Macs in Chemistry

Insanely great science

 

Several ways of scripting Name to Structure

Too often I come across datasets that Chemical names or identifiers but no actual molecular structure, recently Dan at Dotmatics suggested I look at OPSIN. There are several tools for converting the names to structure and I've highlighted a couple of options here and described scripts that allow them to be used from with Vortex.

OPSIN

OPSIN is a Java(1.6+) library for IUPAC name-to-structure conversion offering high recall and precision on organic chemical nomenclature. Supported outputs are SMILES, CML (Chemical Markup Language) and InChI (IUPAC International Chemical Identifier). The latest version can be downloaded here OPSIN-2.2.0-jar-with-dependencies.jar. To access it from within Vortex you need to put the jar file in the folder

/Users/USERNAME/vortex/libs/

Where USERNAME is your username

OPSIN can be called from the command line using

java -jar OPSIN-2.2.0-jar-with-dependencies.jar -osmi input.txt output.txt

where input.txt contains a series of chemical name/s, one per line. Or for an individual chemical name

NameToStructure nts = NameToStructure.getInstance();
String smiles = nts.parseToSmiles("acetonitrile");

We can use the latter in the Vortex script as shown below. The file containing the chemical names looks like this, each chemical name is on a single line and is in plain text. OPSIN was designed to support IUPAC names but an increasing number of trivial (but widely used) chemical names and synonyms are also supported.

Name
iodobenzene
2,15-dimethyl-14-(1,5-dimethylhexyl)tetracyclo[8.7.0.02,7.011,15]heptadec-7-en-5-ol
acetone
quinuclidine
1-Azabicyclo[2.2.2]octane
2-Methyl-1,3,5-trinitrobenzene
5-{2-Ethoxy-5-[(4-methylpiperazin-1-yl)sulfonyl]phenyl}-1-methyl-3-propyl-1H,6H,7H-pyrazolo[4,3-d]pyrimidin-7-one
Ethyl Magnesium Bromide
Lithium Bromide
Anisole
Phenylalanine

When importing the file into Vortex it is important NOT to use comma as the delimiter or it will break up the chemical names that contain a comma (I used tab).

import

Once the file containing the chemical names has been imported it should look like this.

vortexOpsin

After running the script it should look like this, where Vortex has automatically rendered the SMILES strings as structures.

vortexOpsinStructures

The first part of the script imports OPSIN, then create the dialog box to allow the user to identify the column containing the chemical name. Then loop through the rows in the workspace and for each row generate the SMILES string from the chemical name and put it into a new column called SMILES.

The Vortex Script

# Vortex imports

import os
import sys
sys.path.append("/Users/USERNAME/vortex/libs/OPSIN-2.2.0-jar-with-dependencies.jar") #Need to edit USERNAME to include your username
from uk.ac.cam.ch.wwmm.OPSIN import NameToStructure, NameToStructureConfig
nts = NameToStructure.getInstance()
ntsconfig = NameToStructureConfig

colsmi = vtable.findColumnWithName('SMILES', 0)
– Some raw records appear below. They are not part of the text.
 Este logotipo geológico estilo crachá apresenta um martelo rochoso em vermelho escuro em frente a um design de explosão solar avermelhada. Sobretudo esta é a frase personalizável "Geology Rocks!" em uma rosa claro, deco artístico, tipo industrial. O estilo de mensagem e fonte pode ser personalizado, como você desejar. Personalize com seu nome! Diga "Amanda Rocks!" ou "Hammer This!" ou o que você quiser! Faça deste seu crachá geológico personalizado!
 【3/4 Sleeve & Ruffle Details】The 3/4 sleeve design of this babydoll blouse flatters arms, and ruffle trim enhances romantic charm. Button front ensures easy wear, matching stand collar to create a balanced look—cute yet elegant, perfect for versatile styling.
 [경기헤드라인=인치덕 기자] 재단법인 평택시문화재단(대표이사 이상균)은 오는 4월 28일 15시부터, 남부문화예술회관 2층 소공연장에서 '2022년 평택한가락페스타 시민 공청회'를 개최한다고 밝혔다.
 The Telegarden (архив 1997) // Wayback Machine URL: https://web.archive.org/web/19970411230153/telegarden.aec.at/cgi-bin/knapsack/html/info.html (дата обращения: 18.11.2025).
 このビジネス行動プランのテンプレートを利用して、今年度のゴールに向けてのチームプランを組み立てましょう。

input_label = swing.JLabel("Name column (for input)")
input_cb = workspace.getColumnComboBox()
panel = swing.JPanel()

layout.fill(panel, input_label, 0, 0)
layout.fill(panel, input_cb,    1, 0)

ret = vortex.showInDialog(panel, "Choose Chemical Name Column column")

if ret == vortex.OK:
    input_idx = input_cb.getSelectedIndex()

    if input_idx == 0:
        vortex.alert("you must choose a column")
    else:
        col = vtable.getColumn(input_idx - 1)
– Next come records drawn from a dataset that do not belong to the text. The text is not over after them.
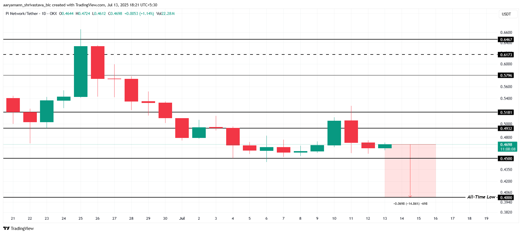 Pi Coins pris ligger nu på 0,469 USD, över den viktiga stödnivån på 0,450 USD. Men altcoinet är bara 14,8 % från att potentiellt nå sin lägsta nivå någonsin (ATL) på 0,400 USD. Om den nedåtgående pressen fortsätter kan Pi Coin lätt falla under detta stöd och återbesöka sin ATL.
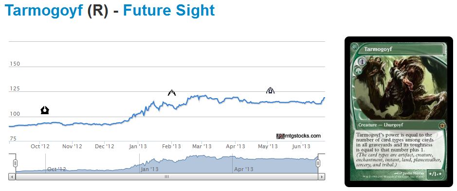The trend on Tarmogoyf is similar – the drop from peak to bottom was not quite 10%. In this case, the “bottom” lasted much longer since people knew this card would be in Modern Masters from the start. But the same recovery has already begun.
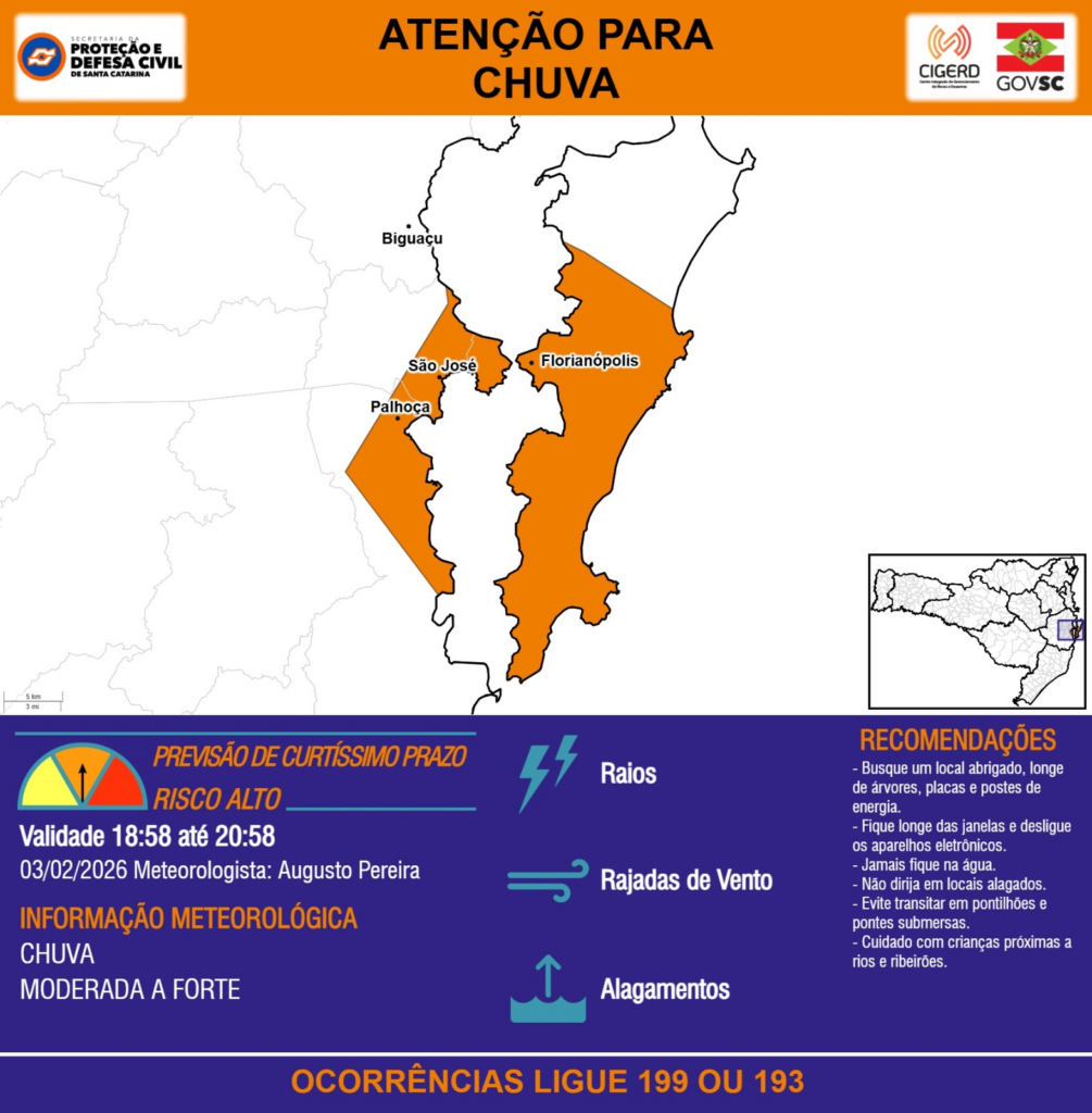 ATENÇÃO – 03/02 18:58 – CHUVA de intensidade moderada a forte com RAIOS, RAJADAS DE VENTO e ALAGAMENTOS para os municípios de Biguaçu, Florianópolis, Palhoça e São José nas próximas 2 horas. Ocorrências ligue 199 ou 193.

        rows = vtable.getRealRowCount()
        for r in range(0, int(rows)):
            drugName = col.getValueAsString(r)
            mySMILES = nts.parseToSmiles(drugName)


            colsmi = vtable.findColumnWithName('SMILES', 1)
            colsmi.setValueFromString(r, mySMILES)

vtable.fireTableStructureChanged()

The Vortex script can be downloaded here DrugName2SMILESOPSIN.vpy

Chemical Identifier Resolver

The Chemical Identifier Resolver (CIR) by the CADD Group at the NCI/NIH is a web service that performs various chemical name to structure conversions. The service works as a resolver for different chemical structure identifiers and allows one to convert a given structure identifier into another representation or structure identifier. It can help you identify and find the chemical structure if you have an identifier such as an InChIKey or CAS Number. You can either use the resolver web form at the web link above or use the following simple URL as a web service. Full documetation is here

http://cactus.nci.nih.gov/chemical/structure/"structure identifier"/"representation"

Example: Chemical name to SMILES:

http://cactus.nci.nih.gov/chemical/structure/aspirin/smiles

The input identifier can be a chemical name, SMILES, CAS Number, InChi etc and the returned representation can be SMILES, sdf, png etc.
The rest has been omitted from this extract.